Cancer's a funny thing. It eats away at you from the inside and slowly drains your strength.
Cancer treatment's an even funnier thing. It devours you from the inside and instantly swallows your strength.
How did we figure that one out?
Jess was in the middle of a course of chemotherapy when I arrived in Maine. After 5 days of pumping poison into her system to slow down the growth of her tumors, she was exhausted. Her blood counts were frighteningly low and it wasn't long before she picked up a secondary infection. We've had two 5-day hospitalizations in 2 weeks now, both due to complications secondary to the cancer and its treatment. I was relieved when her doctor said that he wanted her to take some time off from chemo to let her body recuperate a bit because he was afraid the treatment would kill her long before cancer could.
I've never done this before. When people have cancer in Haiti, they simply die. There are only 2 or 3 hospitals that can treat cancer and they are many hours from Gonaives. It's amazing to me that in developed countries we can prolong life this way, but it's sad that the cost must be so high.
Pray for strength. Pray for relief from pain. Pray for peace.
Friday, September 20, 2013
Each Haiti year tends to have one particular person as its "theme", a patient or a child who especially captures my heart and seems to direct the course of my year. The 2012-2013 year had two: Lovena and Rudenchly.
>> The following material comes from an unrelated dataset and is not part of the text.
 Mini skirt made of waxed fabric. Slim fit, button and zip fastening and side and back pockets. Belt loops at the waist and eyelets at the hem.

Lovena is living at Dorothy's right now. Her grandmother was afraid that someone would try to steal her again or that her own husband, Lovena's grandfather, would try to sell her. So for Lovena's safety, we moved her back to Dorothy's and she is very happy there. I got to visit her briefly in September before I returned to Maine.
Rudenchly is at home with his mom and siblings. He is walking around like a champ, talking in broken sentences, and showing off. When I came to his house, he immediately grabbed my finger and starting walking me around, exactly the way I used to make him hold my hand and walk around the clinic when he was learning to walk on his burned foot. Any doubt that he remembered me - gone.
Sunday, September 8, 2013
For years, I have compared living as a white person in Haiti to being a celebrity in the US. People stare at me when I walk down the street, they clamor for my attention and get giddy if I simply smile or wave at them. People I've never met before know my name and strangers try to convince my friends to get them an introduction with "Miss Keziah." And I imagine that celebrities wonder just like I do: are you my friend because you like me for who I am or because you like what I can get for you? At least we don't have the paparazzi...oh wait, I have definitely been photographed by strangers on over a dozen occasions!
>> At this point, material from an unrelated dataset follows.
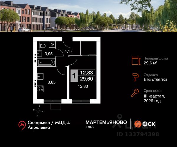 Прямая продажа от застройщика! Жилой Комплекс класса Комфорт. Продаётся 1-к квартира 34 общей площадью 29.6 кв.м на 2-м этаже 3 этажного дома. Без отделки. Расположение комплекса: "Мартемьяново Клаб" - клубный поселок таунхаусов от ФСК в Наро-Фоминском городском округе. Счастливая жизнь складывается из плюсов двух миров: городского и загородного. Вы наслаждаетесь свежим воздухом, лесными пейзажами вокруг и отдыхом у собственного пруда. При этом пользуетесь комфортной инфраструктурой, всеми центральными коммуникациями, собственной современной школой и детским садом. Закрытая охраняемая территория дарит вам чувство спокойствия и безопасности. А заказать все услуги возможно через мобильное приложение управляющей компании. Выбираться во внешний мир легко благодаря хорошей транспортной доступности. Транспортная доступность: "Мартемьяново Клаб" расположился в экологичном районе в 27 км от МКАД по Киевскому шоссе. Выбирайте любимую аудиокнигу, и уже через пару глав вы окажетесь в Москве. Добираться в город можно как на личном авто, так и на общественном транспорте до станций метро "Саларьево" и "Внуково". Авитомобиль: До Киевского шоссе - 4 минуты До МКАД - 25 минут До ТТК - 45 минут До Садового кольца - 50 минут Общественный транспорт: До станции метро "Саларьево" - 25 минут До станции МЦД4 "Апрелевка" - 10 минут До остановок общественного транспорта - 8 минут пешком Внутренняя инфраструктура: Сердце поселка - живописный пруд. У пруда расположен собственный пляж. Здесь так приятно проводить жаркие летние дни. А в зимние холода гладь пруда превращается в веселый каток. И, поверьте, дарит не меньше счастья. У пруда берет начало главная пешеходная артерия поселка - прогулочный бульвар длиною 1,8 км. Он ведет в лесную зону с ручьем и сам напоминает реку, только сухопутную. 3,3 га парковой зоны наполняют окружающее пространство энергией динамичных зон, которые сменяются зонами спокойствия. У бульвара есть "притоки" - второстепенные пешеходные улочки с площадками для игр и тихого отдыха. Круглая центральная площадь - место встречи и знакомства с соседями. Здесь круглый год проводят всевозможные культурные мероприятия, отмечают праздники, устраивают ярмарки или тематические гараж-сейлы. Рядом располагаются качели, лабиринт, детские площадки и кафе. Это позволяет каждому найти занятие по душе.

Last week, my friend Grace and my ex-roommate Chris got married in Gonaives, Haiti. If ever something would convince me that we are indeed the Haiti version of celebrities, it was this wedding.
Everywhere I went, the wedding was all anyone could talk about. Patients outside clinic, neighbors near my house, families in Jubilee, other missionary groups...If it had been Brad and Angelina, I swear, there wouldn't have been more gossip!
What is Grace going to wear? Who are Grace's bridesmaids? Where are you having the ceremony? Is anyone going to get drunk? What food are you making? Who is the best dancer at the reception?
If Gonaives had tabloids, we would have been on the front page of every single one!